是か非か? 問われる 「 本 de ドミノ 」
7月に開館する 岐阜市立中央図書館(ぎふメディアコスモス内)のオープニングイベント 「本 de ドミノ (本でドミノ)」 が、日本中から注目を集めている。
「 本 de ドミノ 」 は、市民から寄贈された古本1万冊で ドミノ倒しを行い、ギネスに挑戦しようという企画である。
画像出典 http://hondedomino.galaxy.bindcloud.jp/
このオープニング企画に対し、全国から賛否両論の声が上がっている。
公立図書館のオープニングに、本を並べてドミノ倒しをするというのは、誰が考えても抵抗がある。
その証拠に、ヤフーの意識調査では、賛成32,9%に対し、反対が56,1%と、反対意見が過半数を上回っている。 ( 6月4日現在 回答は約2万票 ) ネット調査は、どうしても高齢者の意見が反映されにくいので、実際の反対はもっと多いかも知れない。

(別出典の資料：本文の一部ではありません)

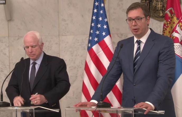 BEOGRAD - Premijer Srbije Aleksandar Vučić razgovarao je danas u Vili Mir sa američkim senatorom Džonom Mekejnom posle čega je usledilo zajedničko obraćanje novinarima.

実行委員会(40代~50代の会社経営者らで結成)は、ドミノ倒しに使われる本は、すべて不用になった古本だと言うが、寄贈を募ってまで古本を使うということは、さすがに新品の本を使うには 「ためらい」 があるからではないか。
古本なら、多少粗末に扱っても許されるのだろうか? 古本は価値が無いとは誰も言い切れないし、不用な本と言っても、人によっては捜し求めていた 「貴重な本」 の場合もある。

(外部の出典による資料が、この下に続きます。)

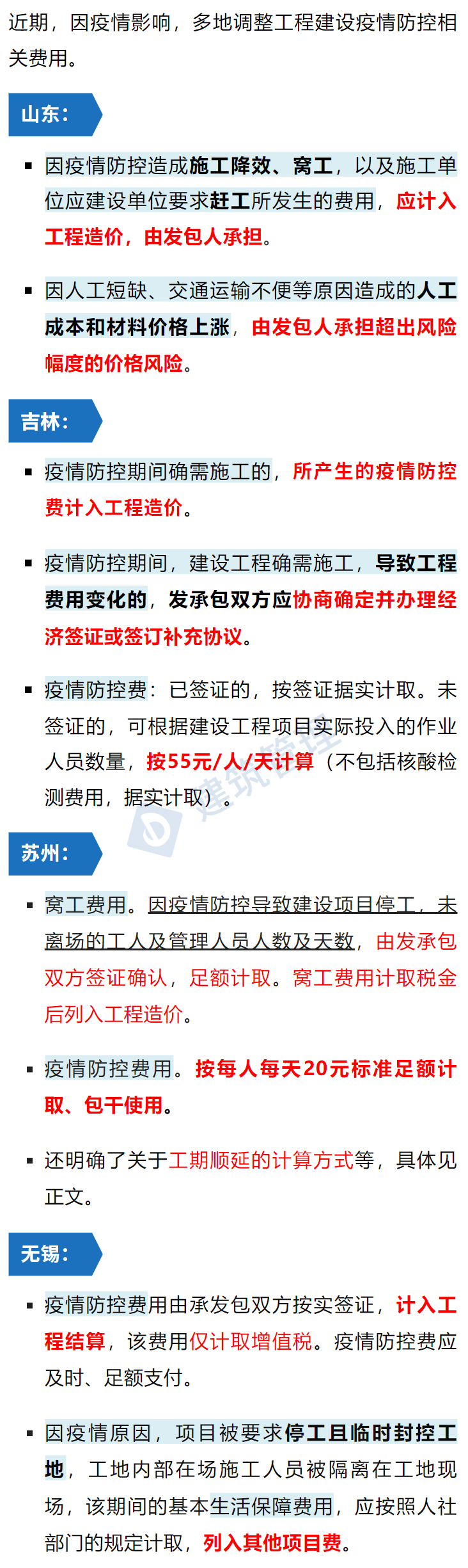 多地調(diào)整工程建設(shè)疫情防控相關(guān)費(fèi)用:

要は、本をドミノの代わりに使ってバタバタと倒して遊ぶ行為が問われている。たとえギネスの世界記録が達成出来ても、あまり名誉な事とは言えないだろう。 もともとギネスは話題性が重視される記録なので、名誉など存在しないかも知れないが・・・
2013年、シアトルの公共図書館が実施した「本のドミノ倒し」 のYoutube 動画を見る限り、本は倒れるだけでなく、数十センチの高さから落とされたり、かなり粗末に扱われていて、あまり気分が良いものではない。https://www.youtube.com/watch?v=Np450xMSncE
あらゆる物が、大量に生産され、大量に消費され、大量に廃棄される今日の社会に於いては、本も例外ではなく、単なる 「モノ」 でしかない。新刊本は何と年間8万点にも及ぶ。
物が無い時代に育った団塊の世代(60代)や高齢者は、紙や鉛筆は貴重だった。習字の練習は、古い新聞紙を半紙サイズに切って使った。鉛筆は短くなっても使い切ったものだ。

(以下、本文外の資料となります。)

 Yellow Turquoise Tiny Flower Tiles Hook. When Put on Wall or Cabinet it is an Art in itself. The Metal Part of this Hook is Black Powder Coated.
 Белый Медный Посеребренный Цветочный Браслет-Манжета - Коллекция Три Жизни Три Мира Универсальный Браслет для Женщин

そして、知識を得る手段は、教科書や学校の図書室、情報は新聞とラジオの時代だった。
テレビとネット社会が到来して、知識や情報も 「モノ」 として大量にあふれるようになった。相対的に本の価値は下がったと見るべきだろう。 でなければ、今回のドミノ倒しなど考えられない。
そうした時代の変化の中で、今回のイベントは、賛否両論の意見を創出して、話題を作った点は成功したと言える。 新聞やテレビ、ネットで話題になれば、この図書館の知名度が全国的にアップしたことは確かである。
今後も、賛否は平行線のまま、新図書館はオープンすることになるだろう。 今回の企画が評価されるか、汚点を残すかは、オープンした新図書館の運営次第かも知れない。館長の手腕と、職員の誠実な対応が期待される。 地域の文化の拠点として、市民に愛される図書館になってほしい。
それまでは、「是か非か?」 の答えは保留にしておこうと思う。